Parallèlement, il apprend à jouer de la guitare. Mais l’expérience musicale naissante tourne court. Suite à une altercation avec son professeur de sciences naturelles, il doit redoubler la classe de 1ère. Frustré par cette décision, le musicien en herbe préfère retourner dans son Mbacké natal plutôt que de reprendre la classe. « Je n’avais plus la motivation pour continuer les études, je me sentais freiné dans mon élan alors que je me débrouillais bien en classe », souligne-t-il. de retour chez lui, le futur folk singer met entre parenthèses sa passion musicale.
Dorénavant, l’urgence, pour lui, c’est de trouver un boulot. Histoire de soutenir son père dans les charges de la maison. de petits métiers en petits métiers, il finit par atterrir à Dakar en 1997. En bon Baol-Baol, il s’investit dans le petit commerce.
Yoro Ndiaye est marchand ambulant jusqu’à ce que la semaine nationale de la jeunesse de cette année-là le tire de la rue. « Je suis retourné à Diourbel pour participer à une sélection pour la semaine de la jeunesse. J’ai été retenu pour accompagner l’orchestre de Bambey qui devait représenter la région de Diourbel. C’est alors que j’ai décidé de m’installer définitivement à dakar », raconte-t-il.
Yoro réussit à décrocher un boulot de serveur à titre temporaire au club Med. dans ce réceptif hôtelier, où se tiennent souvent des Garden party, il ne rate pas l’occasion de proposer son talent de chanteur. il est même sollicité pour bercer, de sa voix suave, les clients du bar de l’hôtel. sans le savoir, sa carrière vient véritablement de démarrer. son groupe commence à se former et les premières productions tombent.
Le rythme s’accélère. Yoro et sa bande commencent à assurer les premières parties des prestations de Youssou Ndour et participent à la compilation Sénégal Folk des Frères Guissé. avec cet opus, l’enfant de Mbacké vient de faire sa première apparition publique. dans la foulée, en 2004, son premier album sort sur le marché avec ce titre révélateur de l’ambition qui le brûle : « Beugueu dem » (littéralement envie d’y aller).
ARTISTE AUTO-PRODUCTEUR
Depuis, Yoro Ndiaye ne cesse de se frayer son propre chemin. Même s’il consent qu’il lui reste encore beaucoup de chemin à parcourir pour atteindre ses objectifs. A « Beugueu dem », se sont ajoutés deux autres albums : « Nit » et « Lamisso ». en dix ans, il a réussi à trouver son public à travers des tubes comme « Xarit », « Bakhiya », « Bella », etc. en plus d’être l’un des meilleurs folk singer de la place, il a acquis une ouverture sur l’international.
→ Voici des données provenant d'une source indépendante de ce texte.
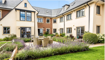
Clockwise | View over the bowling green | Communal lounge | Landscaped gardens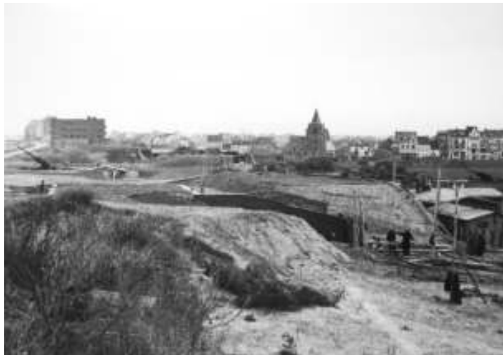
This is an overview of the whole battery looking in the direction of the church of Mariakerke.

Last summer, one of our members, Mr Pierre Nowak, discovered the remains of an open emplacement of one the heavy FlaK batteries around Ostend. The open emplacement lies very close to the church of Mariakerke. You see it when you start walking towards Raversijde on the small road on the land side of the dunes. You see the back of an emplacement because the front part lies under the sand. This discovery leads us assume that the constructions in the dunes are still there, but covered with sand.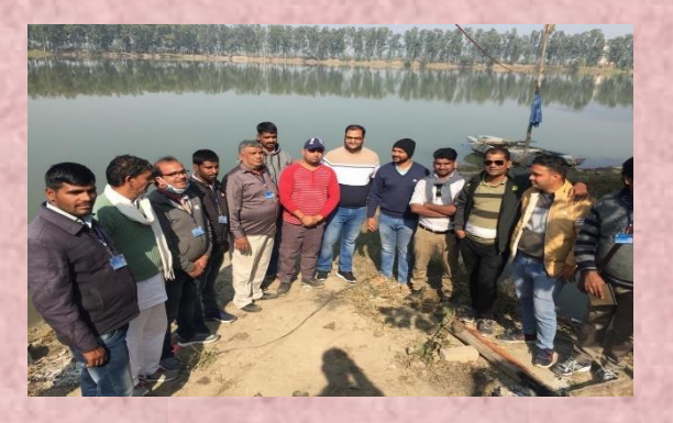
Study visit at Sumit Fish Farm, Charkhi Dadri (Haryana)

A one month long on campus training program was organized at LIFIC, Gurugram for 10 incubatees from 4 states namely- Maharashtra, Gujarat, Bihar and Himachal Pradesh. A study visit (during 4-6 Dec., 2021) to fisheries business farms was also organized for incubates. This training program primarily focused on converting entrepreneurial ideas into business models and then support the launch of business operations.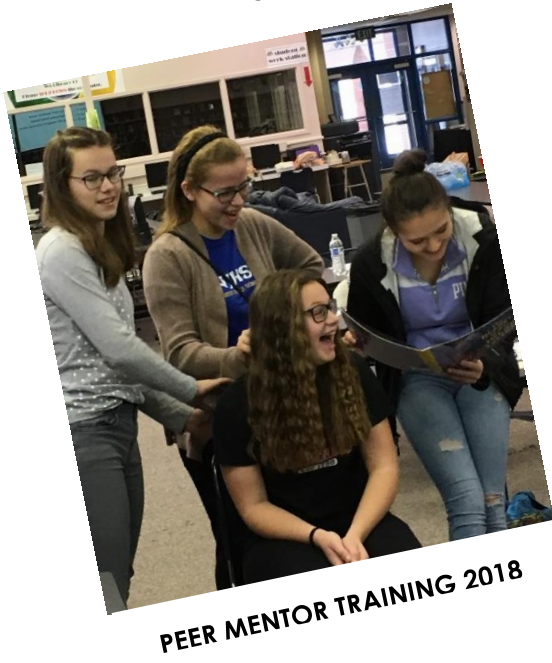
PEER MENTOR TRAINING 2018

La particularité des albums de Yoro Ndiaye, ils sont tous des autoproductions. Une performance dans un contexte où même les artistes qui ont de grands producteurs peinent parfois à se faire une place sur la scène musicale. « Je n’ai jamais été produit. Au début, ce n’était pas évident, d’autant plus que je n’étais pas dans un label de renom, ni dans une famille riche pour pouvoir le faire. Mais j’ai cru en moi. C’est un grand honneur pour moi qu’on me cite parmi les artistes les plus connus au Sénégal », confie-t-il non sans une once de fierté dans la voix.
Pour Yoro Ndiaye, l’autoproduction est plus une option qu’un défaut de producteurs. Des demandes de collaboration, il en a reçues une tonne et continue d’en recevoir, mais, dit-il, pas question de se voir fermer dans un carcan sans soupirail. et pour cause : « J’ai plus de liberté par rapport à ce que je veux faire, mon expression artistique est totale et plus libre ».
Aujourd’hui, celui qui a tour à tour subi les influences musicales de Youssou Ndour, Ismaëla Lô, Seydina Insa Wade, Salif Keïta, Habib Koïte mais surtout de Lukwa Kanza, ambitionne d’aller le plus loin possible avec son style musical fait de rythme folk avec en fond sonore de petites notes de mbalakh.
Polygame et père d’un enfant, Yoro Ndiaye est arrivé à se forger une image de « sérieux » dans ce milieu de la musique où les tentations ne manquent pas. Loin de s’ériger en donneur de leçons, il préfère se mettre en retrait de tout ce qui est frasques et fracas. C’est comme ça qu’il a conquis son public, c’est comme ça qu’il entend poursuivre son chemin. Tout en douceur, comme ses chansons.